6. The printing apparatus according to any one of claims 1 to 5. 7. The characteristic control unit includes at least one of a light emission amount adjustment unit that changes a light amount on a light emitting unit side of the optical measurement unit and a sensitivity adjustment unit that changes sensitivity on a light receiving unit side. The printing apparatus according to claim 6, wherein: 8. The printing method according to claim 1, wherein the first print and the second print are respectively performed in forward scan and backward scan when the print head is reciprocally scanned with respect to the print medium to perform printing. A print of a first one of the heads and a print of a second one of the printheads in a direction in which the first and second printheads are scanned relative to the print medium; The first and second printheads are respectively different from the directions in which the first and second printheads are scanned relative to the print medium. Characterized by including at least one of the prints with respect to the direction Printing apparatus according to any one of claims 1 to 7. 9. First and second printheads using a printhead
A printing apparatus for performing printing on a print medium by printing according to (1), wherein an optical measuring unit that measures optical characteristics of a pattern used for a process for performing print alignment in the first and second prints; A printing apparatus comprising: a detection unit that performs a detection operation different from the measurement of the optical characteristics using the measurement unit. 10. The printing apparatus according to claim 1, wherein the print head is a head that performs printing by discharging ink. 11. The printing apparatus according to claim 10, wherein the head has a heating element that generates thermal energy that causes film boiling of the ink as energy used for discharging the ink. 12. A print registration method for a printing apparatus for performing printing on a print medium using a print head, comprising: a pattern formed by a first print and a second print to be registered, wherein the first print and the second print are aligned.

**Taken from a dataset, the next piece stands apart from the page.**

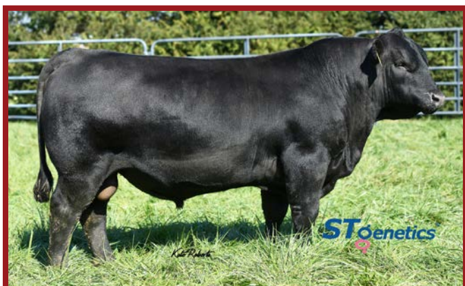
CONNELLY CLARITY – MATERNAL BROTHER TO LOT 3

Check out this massive made, powerfully constructed maternal sister to the legendary deceased STgenetics sire Clarity, who is the only dam in the breed with her unique combination of CED, $EN, Claw, Angle, Marb, RE, and $M. You can run a simple sort of YW, $EN, and $M on the entire breed, and this female is the Number 1 $C dam in the breed by over $50. Analyze the data here, folks. This female possesses a holes free EPD profile. Whether you are raising elite performance females or selling commercial bulls into the marketplace, this female does it all. Not to mention the elite phenotype that she possesses. She has been flushed 15 times to average just over 4 transferable embryos per flush. She sells open ready to flush.

A control step of forming, on the print head, a plurality of patterns respectively formed corresponding to a plurality of shift amounts of a print position relative to the second print and each showing optical characteristics corresponding to the plurality of shift amounts; An optical measurement step of measuring the optical characteristics of each of the plurality of patterns formed by the control unit using an optical measurement unit; based on the optical characteristics of each of the plurality of patterns measured by the optical measurement unit The first print and the second print
A print registration step of performing a print registration process with a print; and a detection step of performing a detection operation different from the measurement of the optical characteristics using the optical measurement unit. Method. 13. A print registration method for a printing apparatus for performing printing on a print medium by first and second prints using a print head, comprising: a process for performing print registration in the first and second prints. An optical measurement step of measuring an optical property of a pattern used for optical measurement using an optical measurement means, and a detection step of performing a detection operation different from the measurement of the optical property using the optical measurement means. And a print registration method.